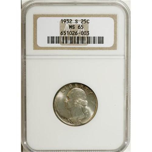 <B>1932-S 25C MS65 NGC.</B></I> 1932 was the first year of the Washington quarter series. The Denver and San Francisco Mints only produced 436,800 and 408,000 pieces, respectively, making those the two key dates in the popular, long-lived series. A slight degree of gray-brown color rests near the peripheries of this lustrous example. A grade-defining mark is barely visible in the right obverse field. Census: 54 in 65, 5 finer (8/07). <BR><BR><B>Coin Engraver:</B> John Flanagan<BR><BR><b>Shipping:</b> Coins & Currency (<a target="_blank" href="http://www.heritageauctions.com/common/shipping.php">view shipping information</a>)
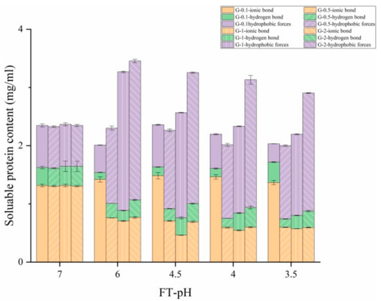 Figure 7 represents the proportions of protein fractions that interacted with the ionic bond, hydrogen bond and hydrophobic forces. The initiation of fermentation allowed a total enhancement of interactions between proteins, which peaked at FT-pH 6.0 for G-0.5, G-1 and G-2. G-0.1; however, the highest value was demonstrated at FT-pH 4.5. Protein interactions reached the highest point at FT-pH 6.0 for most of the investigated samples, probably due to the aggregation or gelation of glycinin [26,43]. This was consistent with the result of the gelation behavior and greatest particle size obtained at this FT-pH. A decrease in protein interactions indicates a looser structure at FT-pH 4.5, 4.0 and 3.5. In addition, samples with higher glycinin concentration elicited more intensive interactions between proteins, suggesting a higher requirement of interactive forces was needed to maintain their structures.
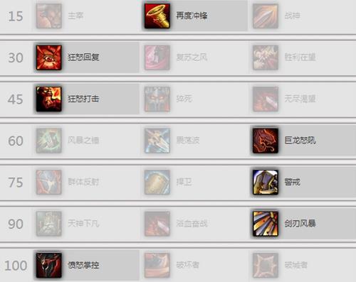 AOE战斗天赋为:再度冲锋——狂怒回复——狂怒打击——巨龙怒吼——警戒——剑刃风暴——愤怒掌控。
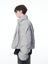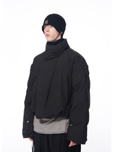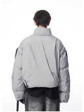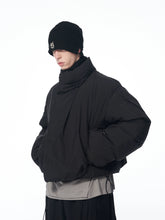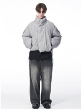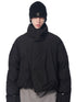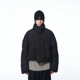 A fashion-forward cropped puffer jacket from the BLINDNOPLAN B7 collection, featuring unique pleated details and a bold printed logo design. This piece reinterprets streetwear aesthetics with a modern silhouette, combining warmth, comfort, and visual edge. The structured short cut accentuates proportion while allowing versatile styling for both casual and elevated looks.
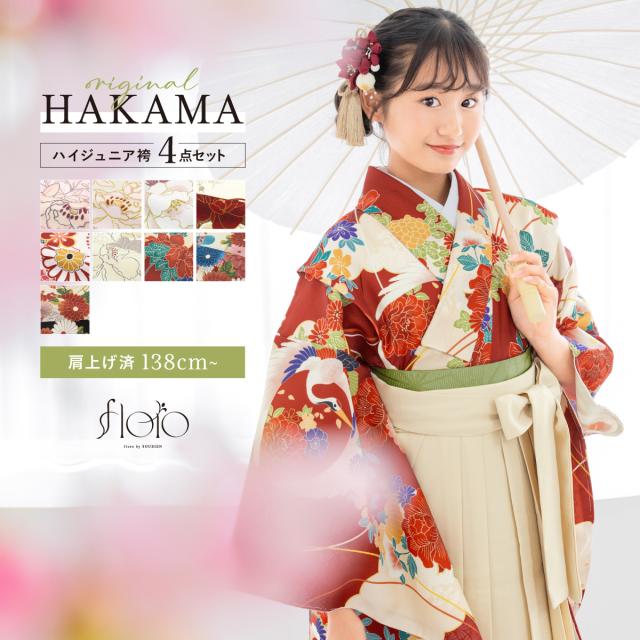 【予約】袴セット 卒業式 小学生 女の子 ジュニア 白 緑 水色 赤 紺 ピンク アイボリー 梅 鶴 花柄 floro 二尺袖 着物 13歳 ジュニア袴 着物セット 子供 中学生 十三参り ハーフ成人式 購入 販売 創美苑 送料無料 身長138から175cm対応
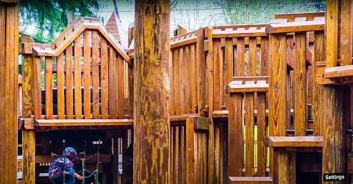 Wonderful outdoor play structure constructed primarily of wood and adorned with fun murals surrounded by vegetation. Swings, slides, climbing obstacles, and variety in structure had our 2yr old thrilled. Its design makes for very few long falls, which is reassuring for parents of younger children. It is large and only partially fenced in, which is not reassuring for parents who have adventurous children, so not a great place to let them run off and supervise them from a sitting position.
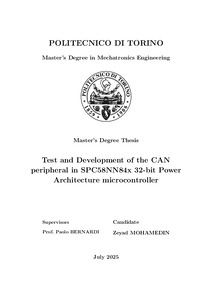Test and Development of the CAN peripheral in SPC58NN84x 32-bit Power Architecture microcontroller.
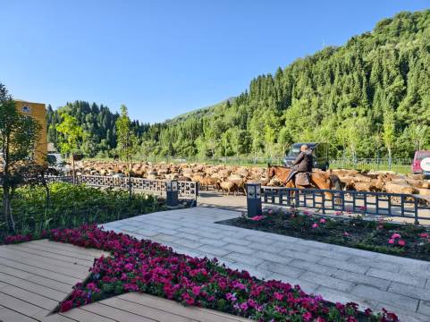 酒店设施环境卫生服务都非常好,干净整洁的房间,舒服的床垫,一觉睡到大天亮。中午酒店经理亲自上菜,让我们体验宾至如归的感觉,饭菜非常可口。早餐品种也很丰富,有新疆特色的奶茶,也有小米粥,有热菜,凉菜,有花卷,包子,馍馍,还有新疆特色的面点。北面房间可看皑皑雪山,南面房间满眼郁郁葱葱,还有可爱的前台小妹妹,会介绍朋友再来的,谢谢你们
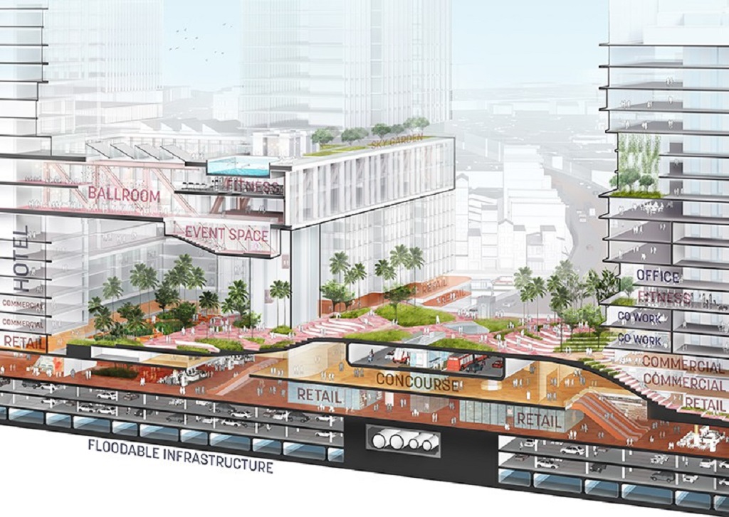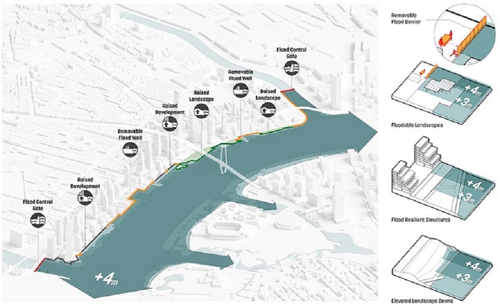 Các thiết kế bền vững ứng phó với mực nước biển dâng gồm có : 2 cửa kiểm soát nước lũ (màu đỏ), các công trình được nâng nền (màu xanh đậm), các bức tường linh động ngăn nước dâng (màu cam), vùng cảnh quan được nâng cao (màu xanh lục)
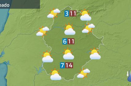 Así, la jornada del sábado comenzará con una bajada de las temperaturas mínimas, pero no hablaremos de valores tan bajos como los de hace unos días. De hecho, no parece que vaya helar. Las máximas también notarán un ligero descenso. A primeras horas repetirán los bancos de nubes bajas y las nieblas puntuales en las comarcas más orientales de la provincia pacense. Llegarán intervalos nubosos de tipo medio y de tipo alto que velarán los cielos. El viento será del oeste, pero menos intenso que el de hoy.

#### [ASSIGNMENT]
Pictures aside, return all the entries above exactly.

#### [RESULT BELOW]
 <B>1932-S 25C MS65 NGC.</B></I> 1932 was the first year of the Washington quarter series. The Denver and San Francisco Mints only produced 436,800 and 408,000 pieces, respectively, making those the two key dates in the popular, long-lived series. A slight degree of gray-brown color rests near the peripheries of this lustrous example. A grade-defining mark is barely visible in the right obverse field. Census: 54 in 65, 5 finer (8/07). <BR><BR><B>Coin Engraver:</B> John Flanagan<BR><BR><b>Shipping:</b> Coins & Currency (<a target="_blank" href="http://www.heritageauctions.com/common/shipping.php">view shipping information</a>)
 Figure 7 represents the proportions of protein fractions that interacted with the ionic bond, hydrogen bond and hydrophobic forces. The initiation of fermentation allowed a total enhancement of interactions between proteins, which peaked at FT-pH 6.0 for G-0.5, G-1 and G-2. G-0.1; however, the highest value was demonstrated at FT-pH 4.5. Protein interactions reached the highest point at FT-pH 6.0 for most of the investigated samples, probably due to the aggregation or gelation of glycinin [26,43]. This was consistent with the result of the gelation behavior and greatest particle size obtained at this FT-pH. A decrease in protein interactions indicates a looser structure at FT-pH 4.5, 4.0 and 3.5. In addition, samples with higher glycinin concentration elicited more intensive interactions between proteins, suggesting a higher requirement of interactive forces was needed to maintain their structures.
 AOE战斗天赋为:再度冲锋——狂怒回复——狂怒打击——巨龙怒吼——警戒——剑刃风暴——愤怒掌控。
 A fashion-forward cropped puffer jacket from the BLINDNOPLAN B7 collection, featuring unique pleated details and a bold printed logo design. This piece reinterprets streetwear aesthetics with a modern silhouette, combining warmth, comfort, and visual edge. The structured short cut accentuates proportion while allowing versatile styling for both casual and elevated looks.
 【予約】袴セット 卒業式 小学生 女の子 ジュニア 白 緑 水色 赤 紺 ピンク アイボリー 梅 鶴 花柄 floro 二尺袖 着物 13歳 ジュニア袴 着物セット 子供 中学生 十三参り ハーフ成人式 購入 販売 創美苑 送料無料 身長138から175cm対応
 Wonderful outdoor play structure constructed primarily of wood and adorned with fun murals surrounded by vegetation. Swings, slides, climbing obstacles, and variety in structure had our 2yr old thrilled. Its design makes for very few long falls, which is reassuring for parents of younger children. It is large and only partially fenced in, which is not reassuring for parents who have adventurous children, so not a great place to let them run off and supervise them from a sitting position.
Test and Development of the CAN peripheral in SPC58NN84x 32-bit Power Architecture microcontroller.
 酒店设施环境卫生服务都非常好,干净整洁的房间,舒服的床垫,一觉睡到大天亮。中午酒店经理亲自上菜,让我们体验宾至如归的感觉,饭菜非常可口。早餐品种也很丰富,有新疆特色的奶茶,也有小米粥,有热菜,凉菜,有花卷,包子,馍馍,还有新疆特色的面点。北面房间可看皑皑雪山,南面房间满眼郁郁葱葱,还有可爱的前台小妹妹,会介绍朋友再来的,谢谢你们
 Các thiết kế bền vững ứng phó với mực nước biển dâng gồm có : 2 cửa kiểm soát nước lũ (màu đỏ), các công trình được nâng nền (màu xanh đậm), các bức tường linh động ngăn nước dâng (màu cam), vùng cảnh quan được nâng cao (màu xanh lục)
 Así, la jornada del sábado comenzará con una bajada de las temperaturas mínimas, pero no hablaremos de valores tan bajos como los de hace unos días. De hecho, no parece que vaya helar. Las máximas también notarán un ligero descenso. A primeras horas repetirán los bancos de nubes bajas y las nieblas puntuales en las comarcas más orientales de la provincia pacense. Llegarán intervalos nubosos de tipo medio y de tipo alto que velarán los cielos. El viento será del oeste, pero menos intenso que el de hoy.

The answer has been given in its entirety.